Exercise requirements. Would you give the listing again exactly as written, minus its pictures?

Extracted data Block Start

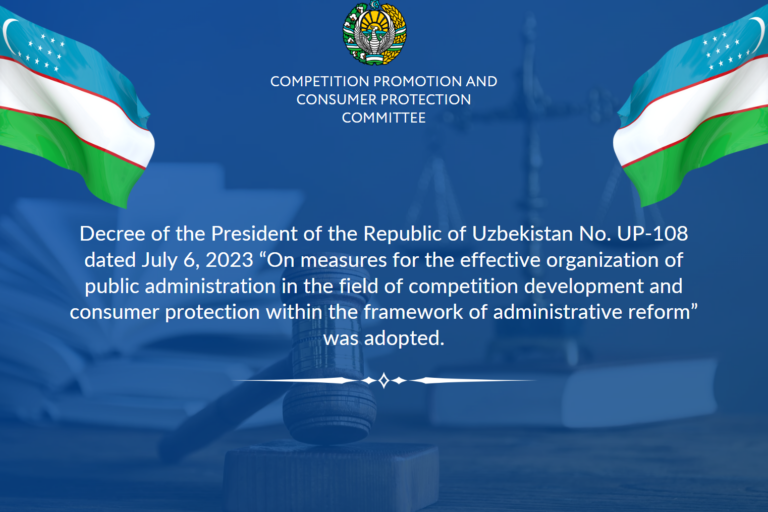 Jul122023 Decree of the President of the Republic of Uzbekistan No. UP-108 dated July 6, 2023 “On measures for the effective organization of public administration in the field of competition development and consumer protection within the framework of administrative reform” was adopted.
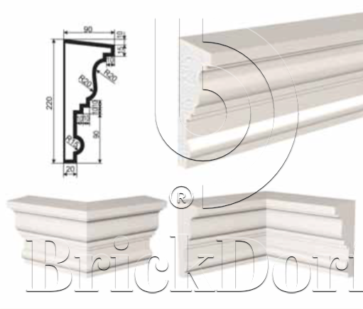 КАРНИЗ для Фасада и Интерьера - лепнина, декор из пенополистирола КВ-220/1 220*90*2000 мм
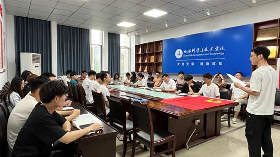 5月28日上午10:00,地科院硕士生2021级大地无垠党支部在明辨楼A302开展党纪学习教育暨预备党员转正大会。会上,党支部书记李明科对新修订的《中国共产党纪律处分条例》进行了讲解,同时讨论了陈霖等8位同志转为正式党员的申请。本次会议由党支部副书记刘佰衢主持。
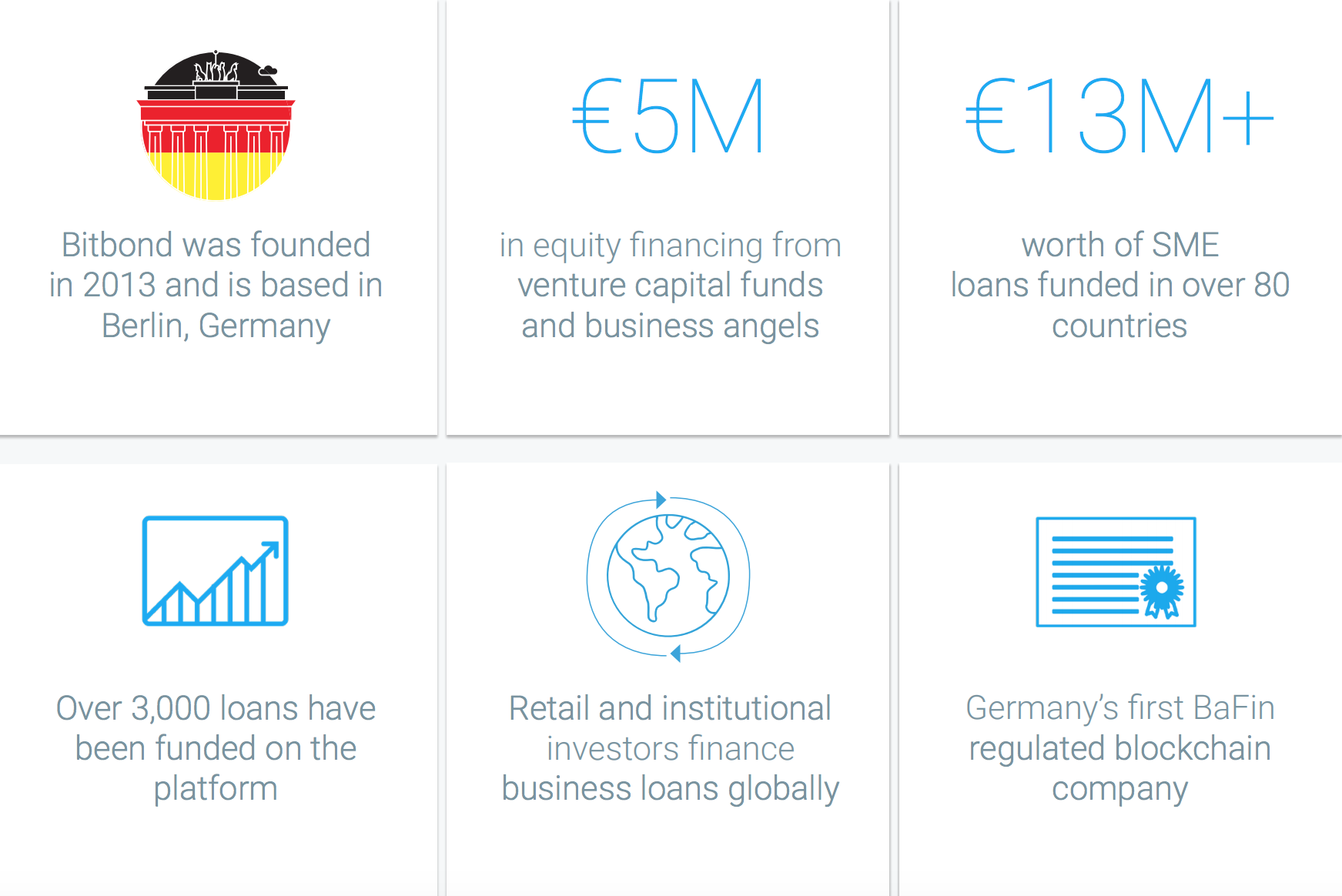 The project which will be discussed today is called – Bitbond. Bitbond is the first decentralized business lending platform operating worldwide in more than 80 countries. The project belongs to Bitbond GmbH, which is officially registered in Berlin (Germany) and has one of the most worthy financial licenses of the country from the BaFin regulator. For the founders of Bitbond it is a great honor and a tribute from the German regulatory authorities. Given the fact that this is the first blockchain platform in Germany, which received this license.
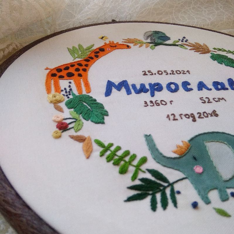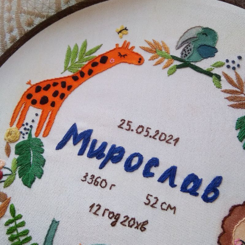 Вышита детская метрика. Прекрасная идея для подарка на крещение или первый день рождения. Станет не только украшением детской комнаты, но будет напоминать родителям о самом важном событии их жизни.
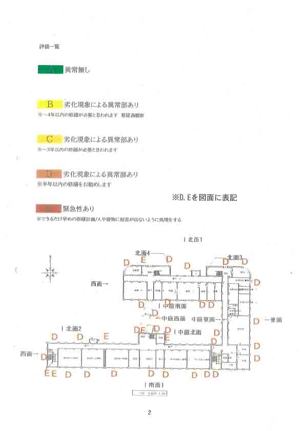 内山下小学校の校舎の外壁が剥落の恐れあり その調査結果を図面に明示した
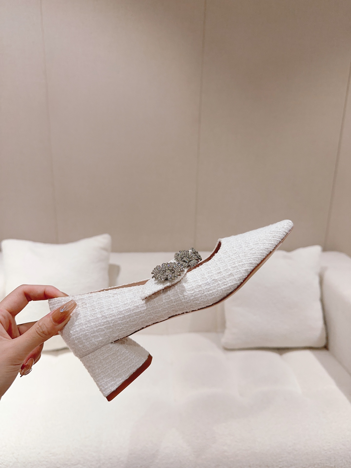 🌺 Boutique new snowflake crystal buckle silk pointed toe flats series luxury new arrival〰
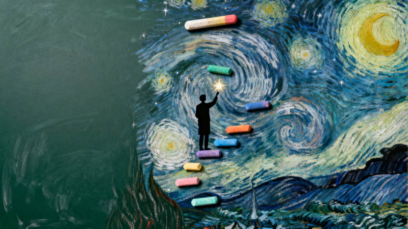 星空梯子与粉笔创意画
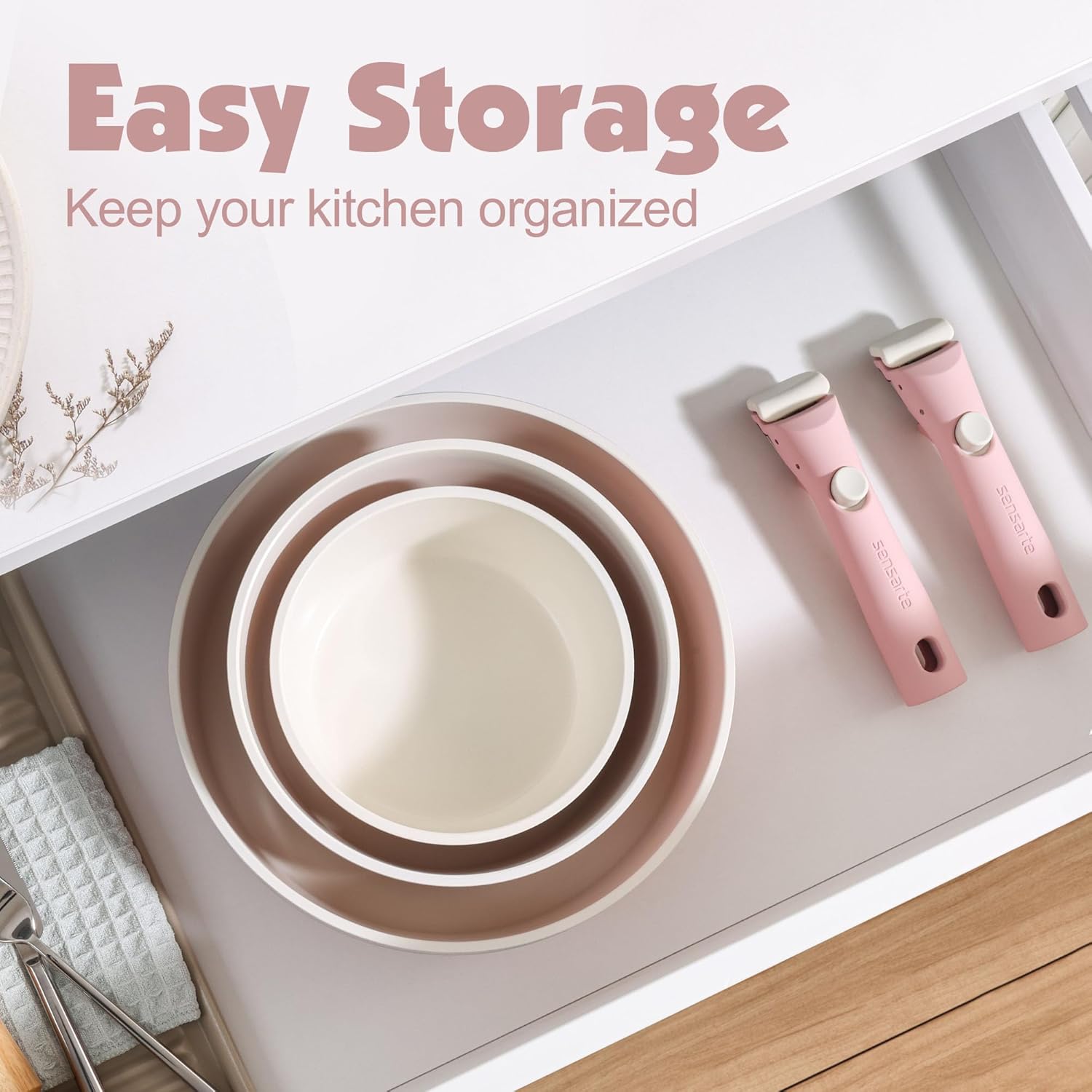 SENSARTE 17 Piece Ceramic Pots and Pans Set, Nonstick Detachable Handle Cookware, Induction Kitchen Cookware Set with Removable Handle, Dishwasher & Oven Safe (Pink)
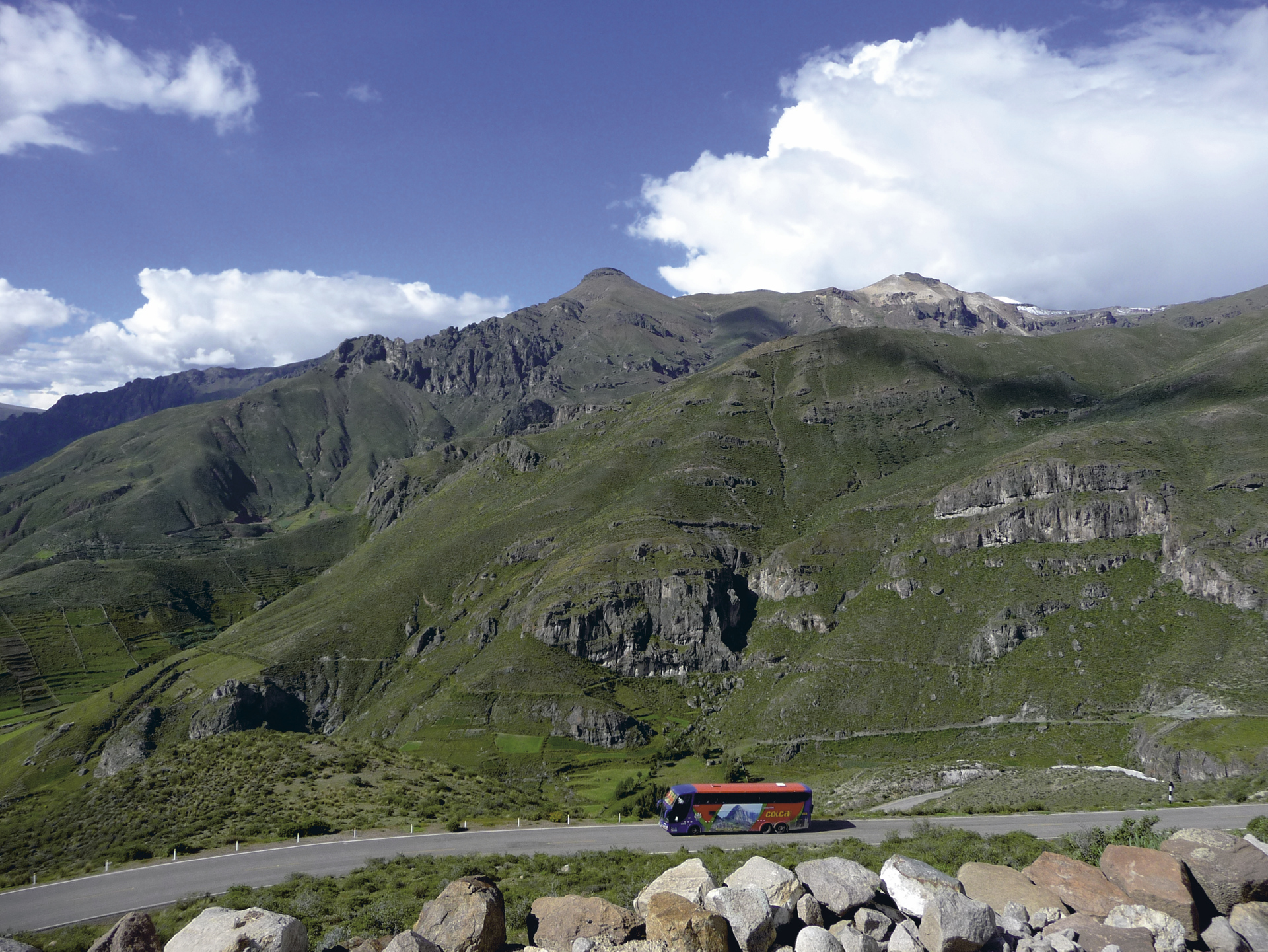 Arequipa – Colca (F).Nach dem Frühstück verlassen Sie Arequipa und fahren durch viele kleine Dörfer in Richtung Colca Tal, einem Gebiet mit einer beeindruckenden Landschaft. Genießen Sie während der Fahrt herrliche Ausblicke auf die umliegenden Bergketten mit bis zu 6.300 Meter hohen Gipfeln. Nach 4 Stunden Fahrt erreichen Sie Chivay, den Hauptort des Colca Tals, wo Sie den lokalen Markt besuchen. Lassen Sie den Tag entspannt in einem der warmen Thermalbecken ausklingen.
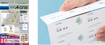 ミシン目部分を山折り谷折りするだけで名刺サイズに切り離せるマイクロミシンカットタイプです。
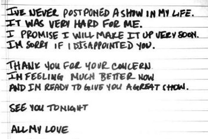 Beyoncé enviou um pedido de desculpas aos seus fãs da Bélgica por meio do Facebook na madrugada desta quarta-feira (14). No recado, escrito à mão, a cantora se desculpa por ter adiado o show que realizaria na cidade de Antwerp nessa terça-feira (13). Leia abaixo:
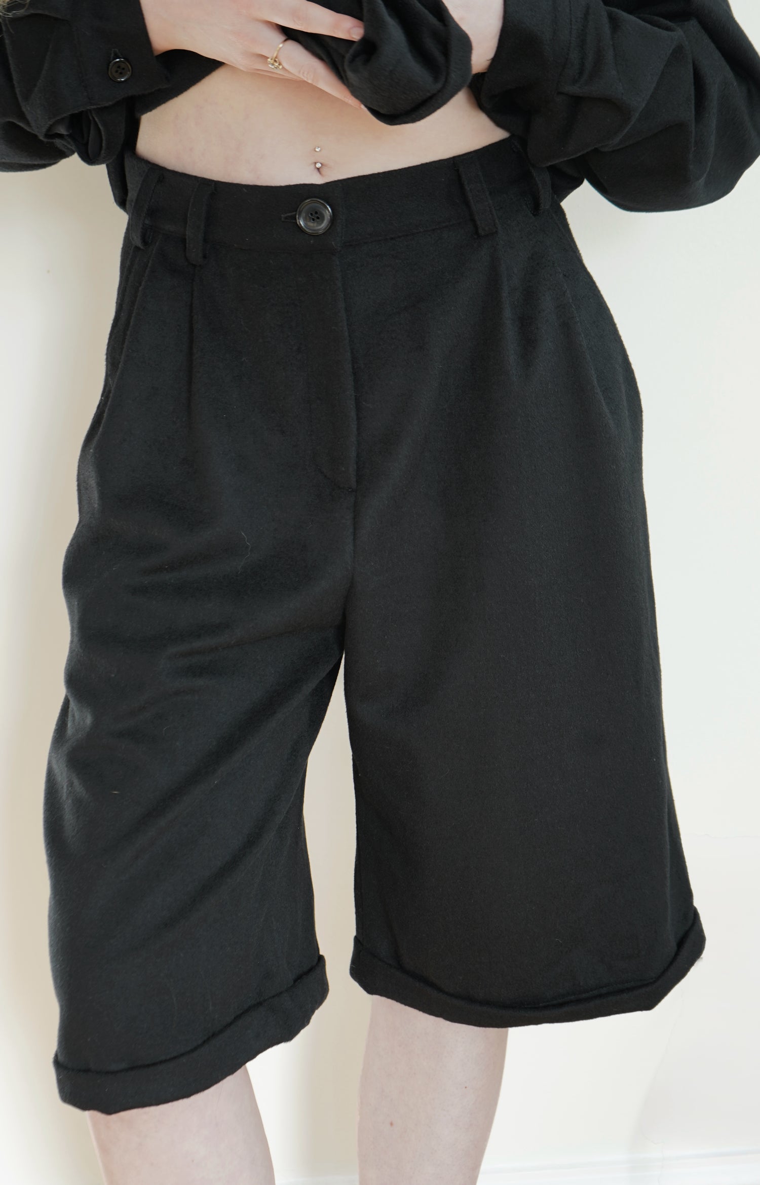 The Tabitha Short is crafted from a soft wool blend that offers both warmth and structure. Featuring two front pleats and upturned hems, this vintage-inspired silhouette flatters the form while maintaining an effortless feel. The versatile cut transitions seamlessly from day to evening — pair it with the matching Ada Jacket for a coordinated, nostalgic look.
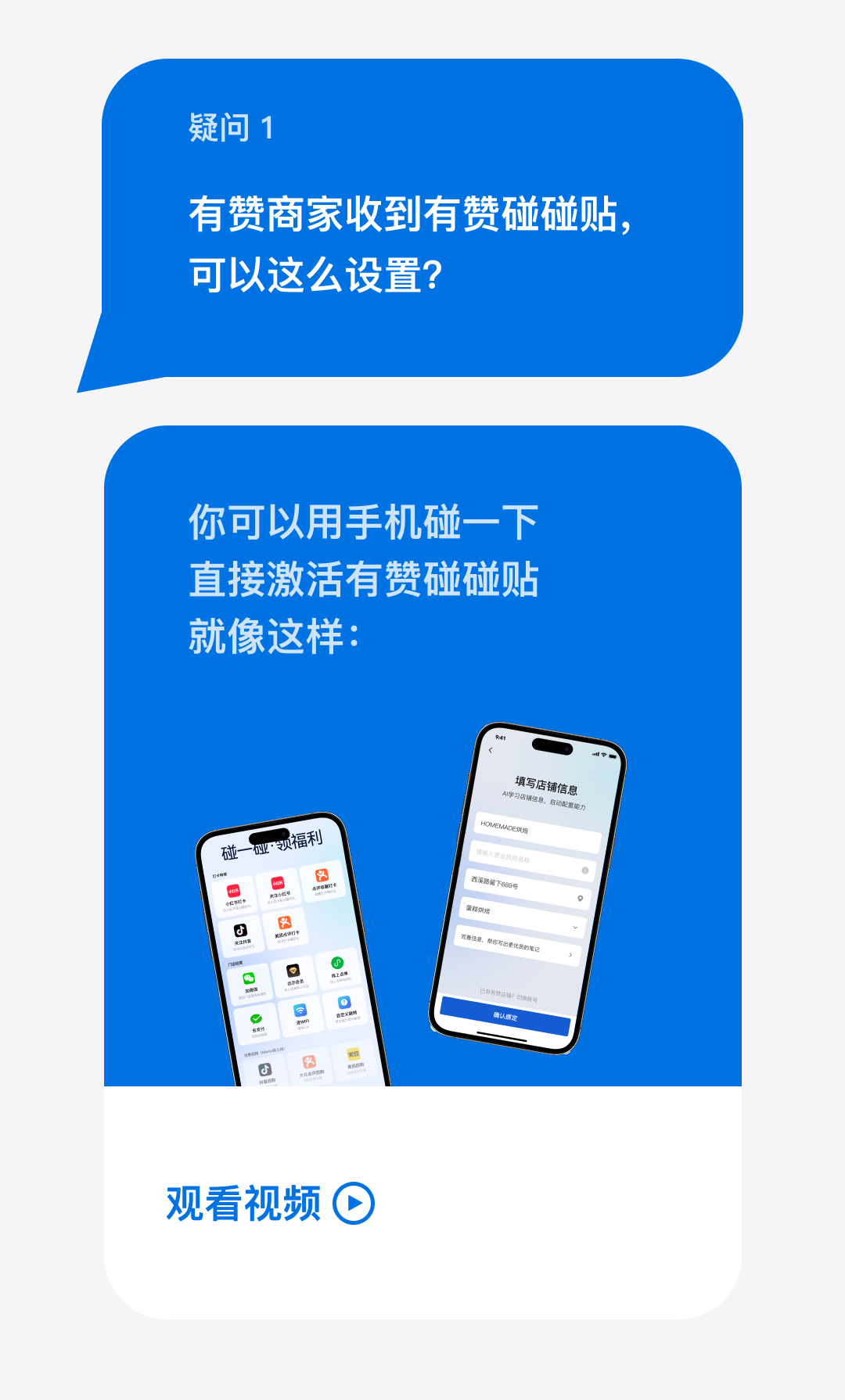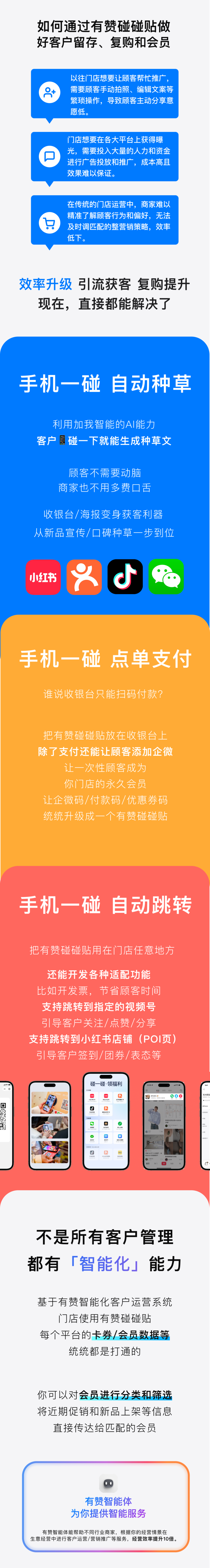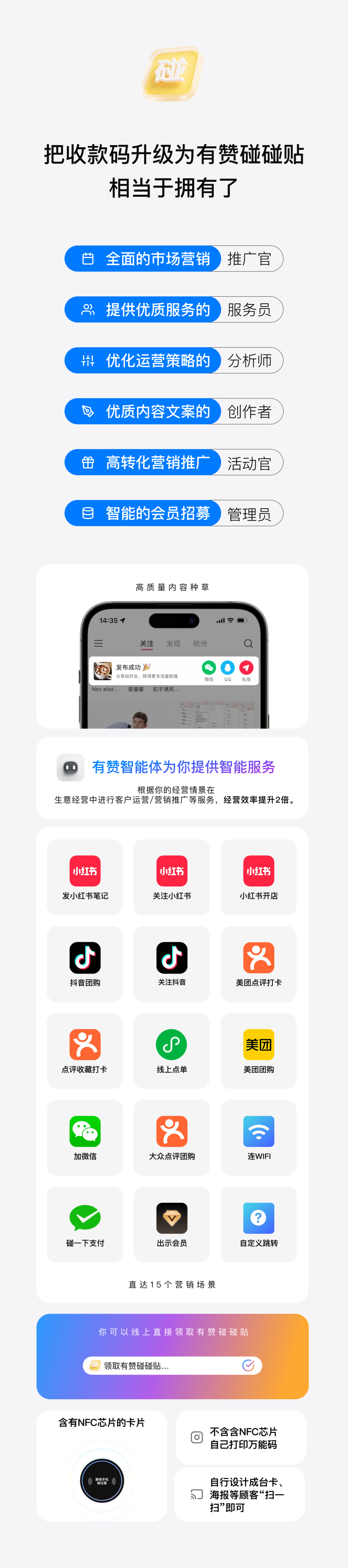 誰說收銀臺(tái)只能掃碼付款?把有贊碰碰貼放在收銀臺(tái)上,除了支付還能讓顧客添加企微,讓一次性顧客成為你門店的**會(huì)員,讓企微碼/付款碼/優(yōu)惠券碼,統(tǒng)統(tǒng)升級(jí)成一個(gè)有贊碰碰貼。
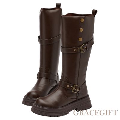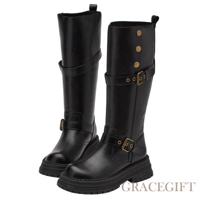 【Grace Gift】帥氣女團輕量厚底瘦瘦長靴 黑
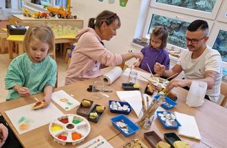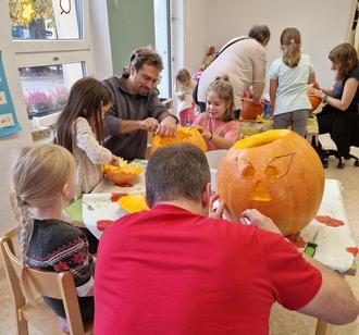 Am 24.10. haben wir unser Herbstfest gefeiert. Alles drehte sich um die Kartoffel und den Kürbis. Zu Beginn war das Kaffee- und Kuchen-Buffet sehr gut besucht und auch die Quark-Bar von unserer wunderbaren "Oma Renate" war ein absolutes Highlight. Zu Pellkartoffeln konnte jeder Gast seinen Quark nach Herzenslust mit frischen Kräutern, Gewürzen und Gemüse aufpeppen. Das schmeckte Groß und Klein und nebenbei erfuhr man viel über die gesunden Kräuter und ihre Nutzung. Nachdem alle den ersten Hunger gestillt hatten, ging es zum Kürbisschnitzen und Basteln. Im Laufe des Nachmittags entstanden tolle Kürbisgesichter, Teelichter und mit Kartoffeln bedruckte Tüten. Nebenher war auch Zeit zum Spielen und für einen Plausch. Die Nachfrage nach den Schnitzkürbissen war so groß, dass wir sogar noch Nachschub besorgen mussten.

Extracted data Block End

Exercise answer.
 Jul122023 Decree of the President of the Republic of Uzbekistan No. UP-108 dated July 6, 2023 “On measures for the effective organization of public administration in the field of competition development and consumer protection within the framework of administrative reform” was adopted.
 КАРНИЗ для Фасада и Интерьера - лепнина, декор из пенополистирола КВ-220/1 220*90*2000 мм
 5月28日上午10:00,地科院硕士生2021级大地无垠党支部在明辨楼A302开展党纪学习教育暨预备党员转正大会。会上,党支部书记李明科对新修订的《中国共产党纪律处分条例》进行了讲解,同时讨论了陈霖等8位同志转为正式党员的申请。本次会议由党支部副书记刘佰衢主持。
 The project which will be discussed today is called – Bitbond. Bitbond is the first decentralized business lending platform operating worldwide in more than 80 countries. The project belongs to Bitbond GmbH, which is officially registered in Berlin (Germany) and has one of the most worthy financial licenses of the country from the BaFin regulator. For the founders of Bitbond it is a great honor and a tribute from the German regulatory authorities. Given the fact that this is the first blockchain platform in Germany, which received this license.
 Вышита детская метрика. Прекрасная идея для подарка на крещение или первый день рождения. Станет не только украшением детской комнаты, но будет напоминать родителям о самом важном событии их жизни.
 内山下小学校の校舎の外壁が剥落の恐れあり その調査結果を図面に明示した
 🌺 Boutique new snowflake crystal buckle silk pointed toe flats series luxury new arrival〰
 星空梯子与粉笔创意画
 SENSARTE 17 Piece Ceramic Pots and Pans Set, Nonstick Detachable Handle Cookware, Induction Kitchen Cookware Set with Removable Handle, Dishwasher & Oven Safe (Pink)
 Arequipa – Colca (F).Nach dem Frühstück verlassen Sie Arequipa und fahren durch viele kleine Dörfer in Richtung Colca Tal, einem Gebiet mit einer beeindruckenden Landschaft. Genießen Sie während der Fahrt herrliche Ausblicke auf die umliegenden Bergketten mit bis zu 6.300 Meter hohen Gipfeln. Nach 4 Stunden Fahrt erreichen Sie Chivay, den Hauptort des Colca Tals, wo Sie den lokalen Markt besuchen. Lassen Sie den Tag entspannt in einem der warmen Thermalbecken ausklingen.
 ミシン目部分を山折り谷折りするだけで名刺サイズに切り離せるマイクロミシンカットタイプです。
 Beyoncé enviou um pedido de desculpas aos seus fãs da Bélgica por meio do Facebook na madrugada desta quarta-feira (14). No recado, escrito à mão, a cantora se desculpa por ter adiado o show que realizaria na cidade de Antwerp nessa terça-feira (13). Leia abaixo:
 The Tabitha Short is crafted from a soft wool blend that offers both warmth and structure. Featuring two front pleats and upturned hems, this vintage-inspired silhouette flatters the form while maintaining an effortless feel. The versatile cut transitions seamlessly from day to evening — pair it with the matching Ada Jacket for a coordinated, nostalgic look.
 誰說收銀臺(tái)只能掃碼付款?把有贊碰碰貼放在收銀臺(tái)上,除了支付還能讓顧客添加企微,讓一次性顧客成為你門店的**會(huì)員,讓企微碼/付款碼/優(yōu)惠券碼,統(tǒng)統(tǒng)升級(jí)成一個(gè)有贊碰碰貼。
 【Grace Gift】帥氣女團輕量厚底瘦瘦長靴 黑
 Am 24.10. haben wir unser Herbstfest gefeiert. Alles drehte sich um die Kartoffel und den Kürbis. Zu Beginn war das Kaffee- und Kuchen-Buffet sehr gut besucht und auch die Quark-Bar von unserer wunderbaren "Oma Renate" war ein absolutes Highlight. Zu Pellkartoffeln konnte jeder Gast seinen Quark nach Herzenslust mit frischen Kräutern, Gewürzen und Gemüse aufpeppen. Das schmeckte Groß und Klein und nebenbei erfuhr man viel über die gesunden Kräuter und ihre Nutzung. Nachdem alle den ersten Hunger gestillt hatten, ging es zum Kürbisschnitzen und Basteln. Im Laufe des Nachmittags entstanden tolle Kürbisgesichter, Teelichter und mit Kartoffeln bedruckte Tüten. Nebenher war auch Zeit zum Spielen und für einen Plausch. Die Nachfrage nach den Schnitzkürbissen war so groß, dass wir sogar noch Nachschub besorgen mussten.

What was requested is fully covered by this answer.